Одним словом, Ипполит Кириллович хоть и очень увлекся, но кончил-таки патетически — и, действительно, впечатление, произведенное им, было чрезвычайное. Сам он, окончив речь свою, поспешно вышел и, повторяю, почти упал в другой комнате в обморок. Зала не аплодировала, но серьезные люди были довольны. Не так довольны были только одни дамы, но всё же и им понравилось красноречие, тем более что за последствия они совсем не боялись и ждали всего от Фетюковича: «наконец-то он заговорит и, уж конечно, всех победит!» Все поглядывали на Митю; всю речь прокурора он просидел молча, сжав руки, стиснув зубы, потупившись. Изредка только подымал голову и прислушивался. Особенно, когда заговорили о Грушеньке. Когда прокурор передавал о ней мнение Ракитина, в лице его выразилась презрительная и злобная улыбка, и он довольно слышно проговорил: «Бернары!» Когда же Ипполит Кириллович сообщал о том, как он допрашивал и мучил его в Мокром, Митя поднял голову и прислушивался со страшным любопытством. В одном месте речи как будто хотел даже вскочить и что-то крикнуть, но, однако, осилил себя и только презрительно вскинул плечами. Про этот финал речи, именно про подвиги прокурора в Мокром, при допросе преступника, потом у нас в обществе говорили и над Ипполитом Кирилловичем подсмеивались: «Не утерпел, дескать, человек, чтобы не похвастаться своими способностями». Заседание было прервано, но на очень короткий срок, на четверть часа, много на двадцать минут. В публике раздавались разговоры и восклицания. Я иные запомнил:
— Серьезная речь! — нахмуренно заметил господин в одной группе.
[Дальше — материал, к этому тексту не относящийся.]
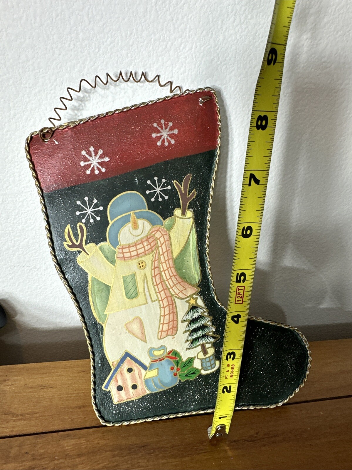 Add a touch of holiday cheer to your home with this beautifully crafted Tin Metal Ornament Christmas Stocking. The stocking features a 3-D hand-painted wire hanger with a snowman design, perfect for hanging on your fireplace mantel or anywhere else in your home. The botanical pattern and multicolor design make this stocking a great addition to any Christmas decor. Made of high-quality tin material, this Christmas stocking is durable and long-lasting. It's small in size, making it perfect for adults and children alike. This stocking is sure to bring joy and happiness to your home this holiday season.

— Психологии навертел уж много, — раздался другой голос.
— Да ведь всё правда, неотразимая истина!
— Да, это он мастер.
— Итог подвел.
— И нам, и нам тоже итог подвел, — присоединился третий голос, — в начале-то речи, помните, что все такие же, как Федор Павлович?
— И в конце тоже. Только он это соврал.
— Да и неясности были.
— Увлекся маленько.
— Несправедливо, несправедливо-с.
— Ну нет, все-таки ловко. Долго ждал человек, а вот и сказал, хе-хе!
— Что-то защитник скажет?
В другой группе:
— А петербургского-то он напрасно сейчас задел: «биющих-то на чувствительность» помните?
— Да, это он неловко.
— Поспешил.
— Нервный человек-с.
— Вот мы смеемся, а каково подсудимому?
— Да-с. Митеньке-то каково?
— А вот что-то защитник скажет?
В третьей группе:
— Это какая такая дама, с лорнетом, толстая, с краю сидит?
— Это генеральша одна, разводка, я ее знаю.
— То-то, с лорнетом.
— Шушера.
— Ну нет, пикантненькая.
— Подле нее через два места сидит блондиночка, та лучше.
— А ловко они его тогда в Мокром накрыли, а?
— Ловко-то ловко. Опять рассказал. Ведь он про это здесь по домам уж сколько рассказывал.
— И теперь не утерпел. Самолюбие.
— Обиженный человек, хе-хе!
— И обидчивый. Да и реторики много, фразы длинные.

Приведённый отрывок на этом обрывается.